INSTRUCTIONS FOR THE TASK
Below is a listing with pictures in it; transcribe exactly the lines from the one that has "美國有線電視新聞網(CNN)" through the one that has "- 进入电梯并按下按钮。 - 与商人交谈并查看物品。", and omit those pictures.

RECORDS SUPPLIED
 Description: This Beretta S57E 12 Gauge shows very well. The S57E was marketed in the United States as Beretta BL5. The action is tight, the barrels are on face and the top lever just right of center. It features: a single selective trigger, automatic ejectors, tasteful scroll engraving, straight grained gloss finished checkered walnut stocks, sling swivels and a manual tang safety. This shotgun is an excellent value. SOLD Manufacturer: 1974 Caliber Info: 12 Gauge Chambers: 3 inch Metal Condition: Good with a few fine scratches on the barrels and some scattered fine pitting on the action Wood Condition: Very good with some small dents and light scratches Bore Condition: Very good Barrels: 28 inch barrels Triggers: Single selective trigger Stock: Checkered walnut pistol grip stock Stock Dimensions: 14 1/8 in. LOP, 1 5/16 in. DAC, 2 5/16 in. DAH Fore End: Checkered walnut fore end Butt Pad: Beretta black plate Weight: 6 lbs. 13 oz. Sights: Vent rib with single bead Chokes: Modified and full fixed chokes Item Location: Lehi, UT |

* * *

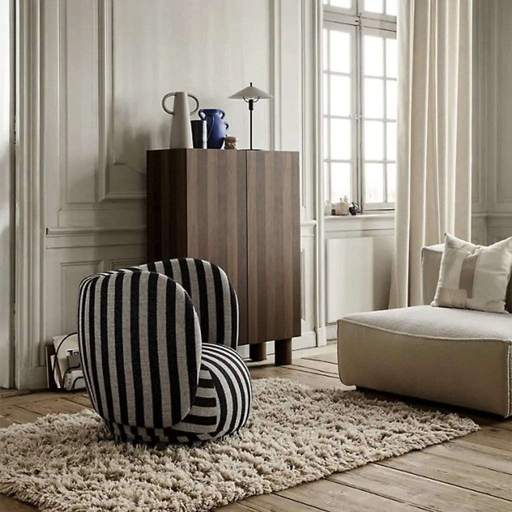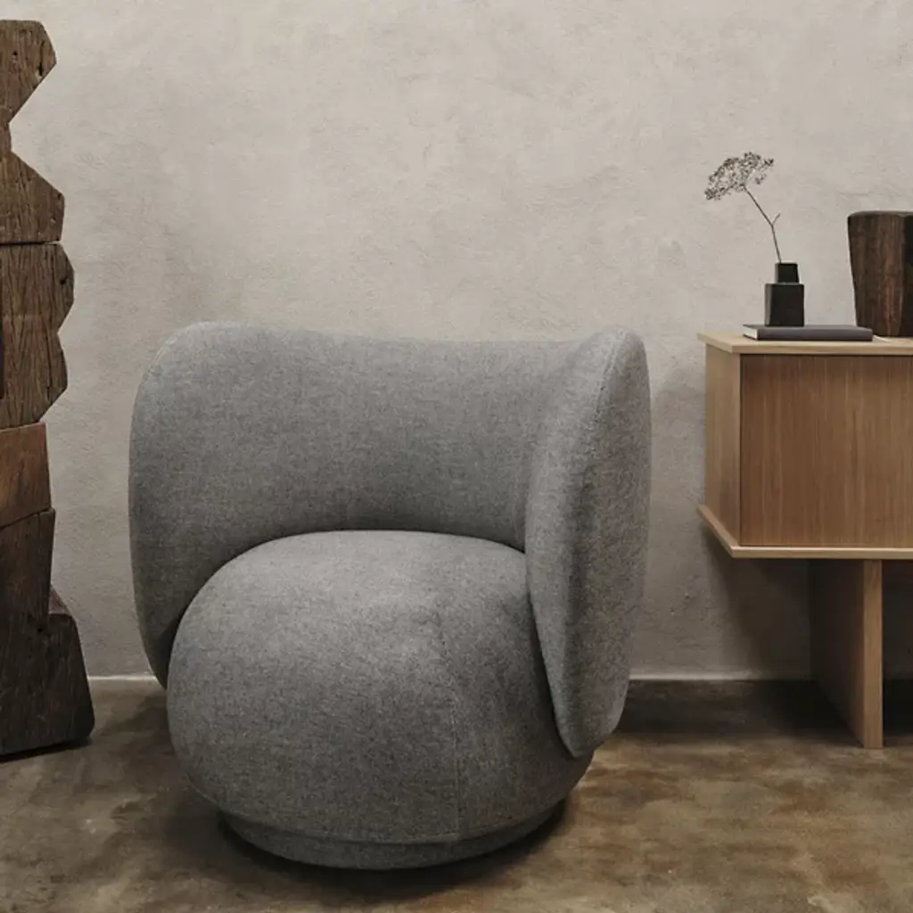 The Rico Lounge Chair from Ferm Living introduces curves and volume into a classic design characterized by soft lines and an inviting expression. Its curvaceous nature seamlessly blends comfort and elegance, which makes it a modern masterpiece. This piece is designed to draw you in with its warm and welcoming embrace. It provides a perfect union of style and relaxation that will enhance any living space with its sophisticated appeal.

==

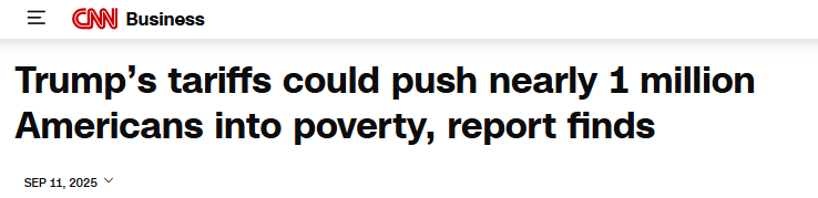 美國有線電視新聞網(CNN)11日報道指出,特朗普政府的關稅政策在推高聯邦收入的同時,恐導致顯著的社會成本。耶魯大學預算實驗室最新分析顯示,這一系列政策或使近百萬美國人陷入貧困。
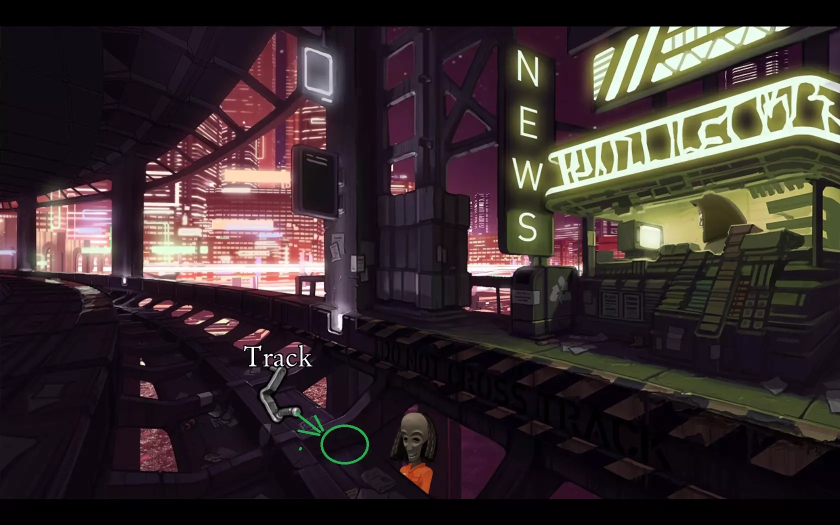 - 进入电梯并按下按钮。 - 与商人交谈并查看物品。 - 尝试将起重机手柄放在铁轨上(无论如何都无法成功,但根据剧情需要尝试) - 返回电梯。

ANSWER
 美國有線電視新聞網(CNN)11日報道指出,特朗普政府的關稅政策在推高聯邦收入的同時,恐導致顯著的社會成本。耶魯大學預算實驗室最新分析顯示,這一系列政策或使近百萬美國人陷入貧困。
 - 进入电梯并按下按钮。 - 与商人交谈并查看物品。 - 尝试将起重机手柄放在铁轨上(无论如何都无法成功,但根据剧情需要尝试) - 返回电梯。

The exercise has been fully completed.